Another way to create textures for your objects is to use the Node Editor. Now this allows us to connect multiple textures together into a network of nodes that create a more complex texture. Let me show you how this works. The Node Editor is a separate window here. So I'm right now in my 3D viewport. So I am going to go ahead and size this down here, and I am going to click on my top-right corner here and create a new viewport. And under that I'm going to select the Node Editor.
Now this is just another window, but it allows us to do a number of different things. Now we have three modes here: we can use this for materials, we can use us for textures, and we can use it for images. I am going to select the middle button here for textures. Now I have my cube selected, and on that cube I have a default material. Now I want to add in a texture. Now typically, I would just go over to this Texture panel and hit New.

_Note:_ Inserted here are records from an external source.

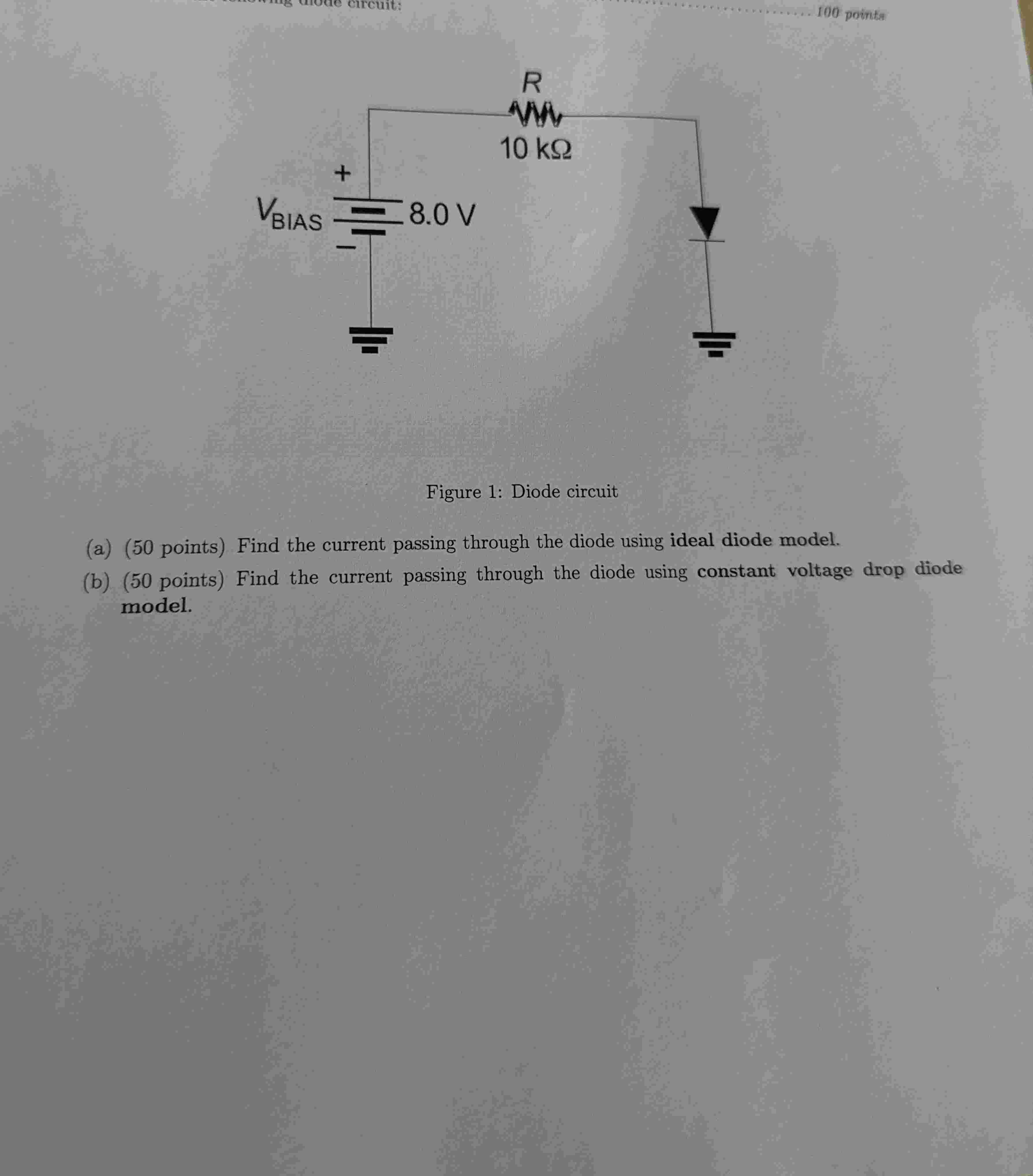(Solved): Figure 1: Diode circuit (a) (50 points) Find the current passing through the diode using ideal diode ...
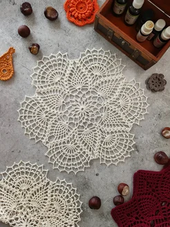 Салфетка на стол ажурная рельефная вязаная 36 см
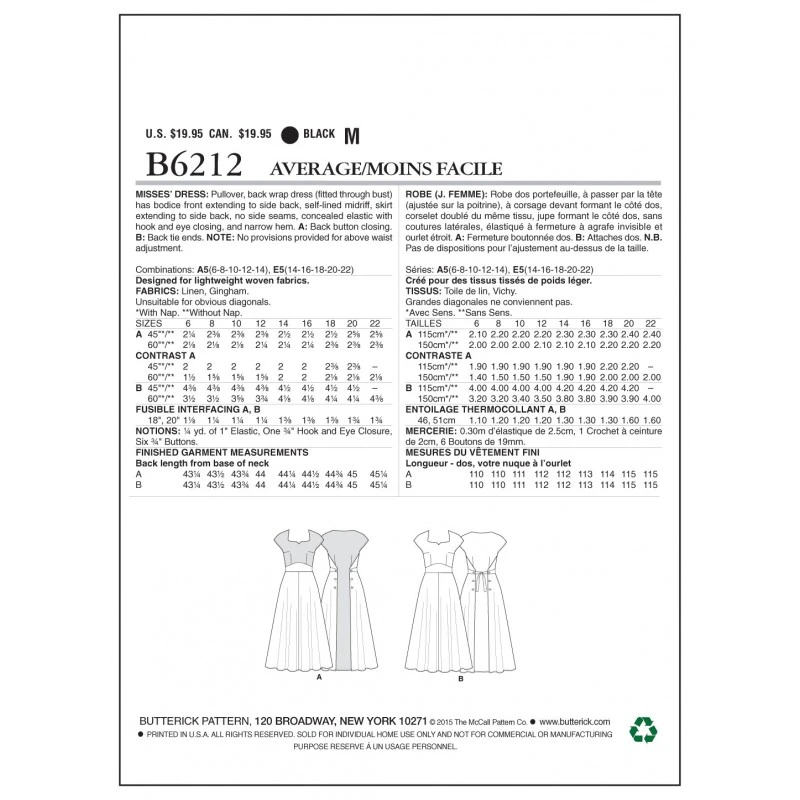 Pullover, back wrap dress (fitted through bust) has bodice front extending to side back, self-lined midriff, skirt extending to side back, no side seams, concealed elastic with hook & eye closure, and narrow hem. A: back button closing. B: back tie ends. Note: no provisions provided for above waist adjustment. Retro 1952

But when I am in the Node Editor, you can hit that same button here. So these two buttons are equivalent. So if I hit it in the Node Editor, notice how it creates a new node in my Properties panel. But I don't want to use my default node here, I want to actually use the nodes in the Node Editor. So if I click Use Nodes here, notice how some nodes pop up. And by default it just gives us a basic checkerboard pattern. So if I want, I can actually change this, and I can basically make a texture, such as a blue-and-white checkerboard. And if I want, if I hit Render, you'll see that it actually shows up on that cube.
So what we have here is we have a node here called Checker which is feeding into this output, which is what's feeding this preview. So if I disconnect this node, notice how this output and the preview go blank. If I select this color node here, you'll see that I can drag out a line and I can plug that into my color channel, and again that shows up in my preview. Now I am not limited to checkerboard. So, if I select this node and just hit the Delete key, then that goes away and I can add in any other type of node I want.

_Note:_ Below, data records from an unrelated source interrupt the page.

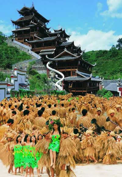 “茅古斯與擺手舞”是土家族紀念祖先開拓荒野、捕魚狩獵等創(chuàng)世業(yè)績的一種原始戲劇形式,被中外的戲劇界稱為是人類戲劇文化的“活化石”,茅古斯是土家族最古老的舞蹈,也是傳授狩獵技藝的民間武術,體現土家族先民的生活情態(tài)。
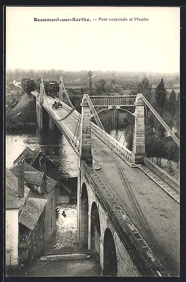AK Beaumont-sur-Sarthe, Pont suspendu et Moulin
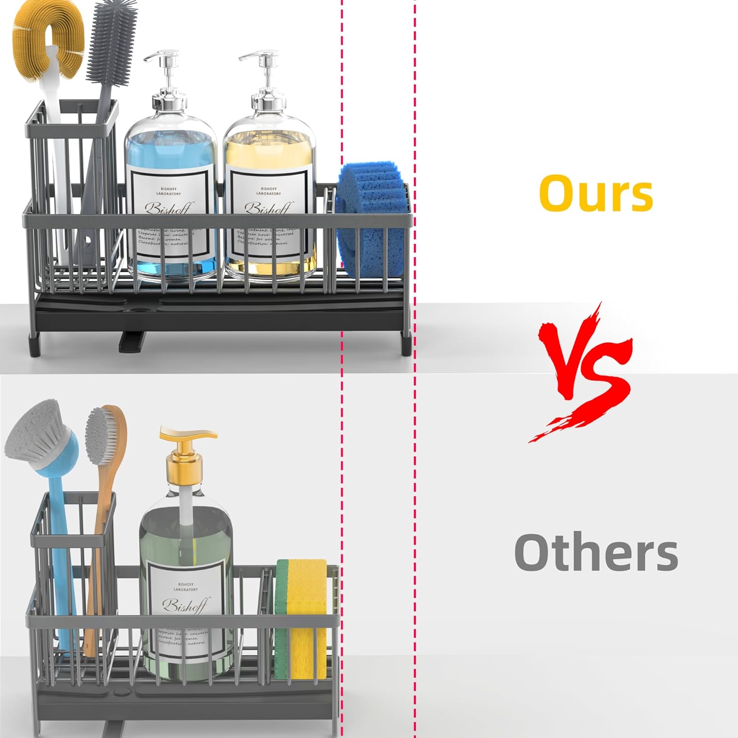 - ăREASONABLE PARTITION DESIGNăThe sponge holder for kitchen sink adopts an ergonomic partition design, which can have 3 independent storage spaces, and different items are placed in different areas. Make full use of every inch of space to make your kitchen look cleaner.

If I go here to the Add menu, you will see I have a number of different types of nodes that I can use to either add in texture or to modify them. So for example here, we have our standard textures, such as Clouds and Wood and Stucco and all of that, but we also have patterns such as the checkerboard we just used. Or we have Bricks. So let's go ahead and select Bricks and bring that up and you will see that nothing really shows up in this panel until we plug it in. So I am going to go ahead and left-click on this color, drag out this line, and plug it into the color of this output node. And you can see how it shows up in my preview.
Now, I have a number of options here that I can change. I can change the thickness of my mortar. I can change my offset of the bricks. So for example, and if I want to, I can make my mortar thicker or thinner, just by dragging this. I can change the color of the mortar. So if I want I can left click on this mortar and we can make it a lighter-colored mortar. I can also change the color of my bricks. So if I click on this yellow brick, I can change it to red. Now I am not limited to just what's in these panels here.
If you notice here, we also have inputs into all of these. Just like we had input this Output node, I can also feed into any one of these an additional color, or an additional node. So if I want to, I can add in another node. So if we go here to Textures and let's say I wanted to add in Clouds, that node will come up, and I can left-click and drag that and this cloud has an output of a color. So if I want to, I can take this color of the clouds and plug it into the mortar of my brick color. And you can see how now this cloud color is showing up as my mortar color.
Now, this is a little extreme, but I can certainly change this. So if I wanted to, I could take my black color and make it a little bit more gray, and you can see now my mortar is a more modeled type of gray. And you can see how this also shows up in my preview. Now if I hit F12 to render, you can see how this shows up on my object. So as you can see, there are a lot of possibilities here. You can certainly plug nodes into other nodes, so it's a really great way to create highly custom textures and materials.